Let's open record to find how many papers have been published since 2014 - our count is 490,503. That is a lot of papers!

In [None]:
record

Let's take a sneak peak at the first 5 records to see how our data is stored.

In [None]:
# First 5 records
for record in records[0:5]:
    print(record)

### Extracting Paper Information

Now that we have our papers, we want to extract some information about them. We want to extract the location information and see which country the authors belong to.

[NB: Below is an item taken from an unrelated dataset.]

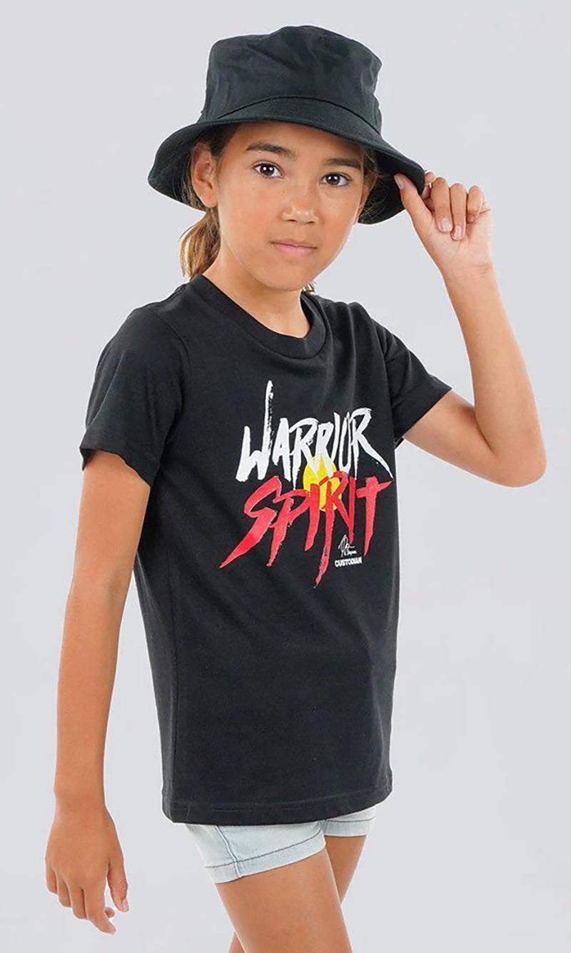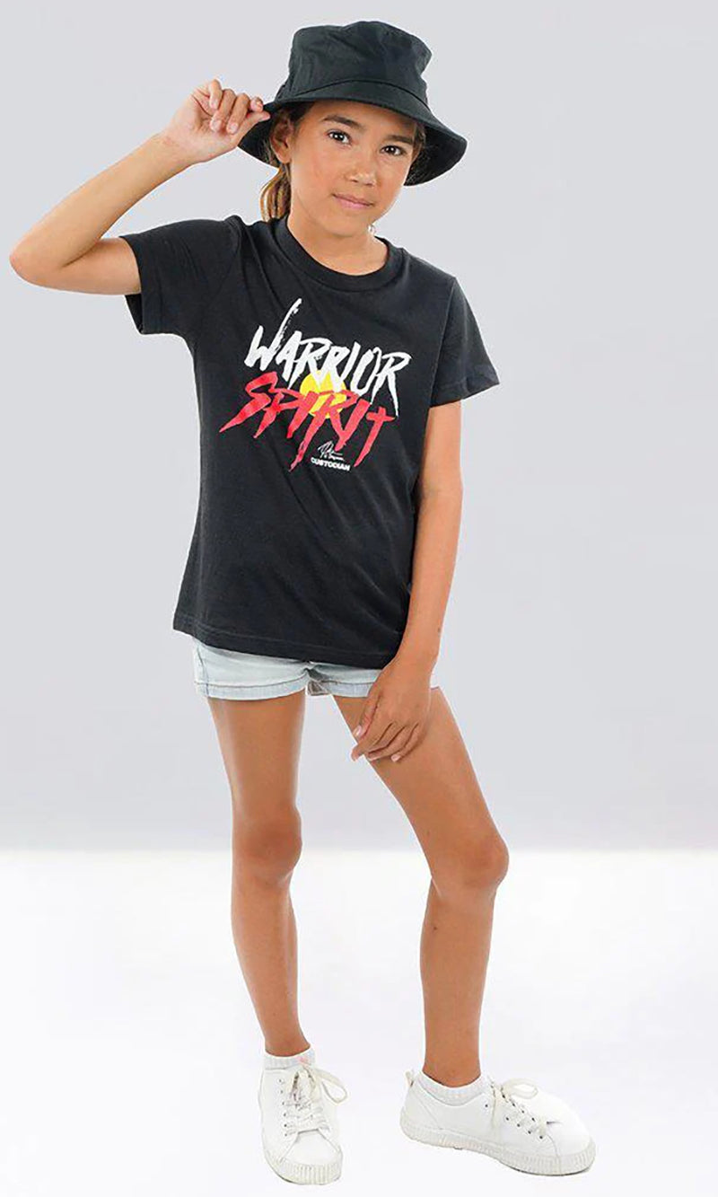 Aboriginal Art Kids T-Shirt Warrior Spirit Black

For this we make use of some text files containing a list of all the countries in the world.

In [None]:
# Extract countries and usa counties
with open("Countries.txt","r") as f:
    countries = f.readlines()
f.close()
countries = [x.strip() for x in countries]

usa_counties = []
with open("USA_Counties.txt","r") as f:
    usa_counties = f.readlines()    
f.close()
usa_counties = [x.strip() for x in usa_counties] 

You will notice form the records information that journal type is stored under 'JT'

In [None]:
# Print journal
for record in records:
    print("Journal: ", record.get("JT","?"))

You will notice form the records information that author location is stored under 'AD'

In [None]:
# Print author location
for record in records:
    print("Author Location: ", record.get("AD","?"))

In [None]:
# Convert author location to dictionary
author_location_dic = dict()
for index,record in enumerate(records):
    author_location = record.get("AD","?")
    author_location_dic[index] = author_location

In [None]:
# Location of authors for each paper
final_author_location_list = []
for value in author_location_dic.values():
    author_country_list = []
    for elem in value:
        info = re.split(r'[,]', elem)[-1]
        #print(info)
        country_info = str(info.partition(".")[0])
        #print(country_info)
        for elem2 in countries:
            if elem2 in country_info:
                author_country_list.append(elem2)
        for elem3 in usa_counties:
            if elem3 in country_info:
                author_country_list.append("United States")
        author_tuple = tuple(author_country_list)
    final_author_location_list.append(author_tuple)

In [None]:
# Remove empty tuples
final_author_location_list = [x for x in final_author_location_list if x != ()]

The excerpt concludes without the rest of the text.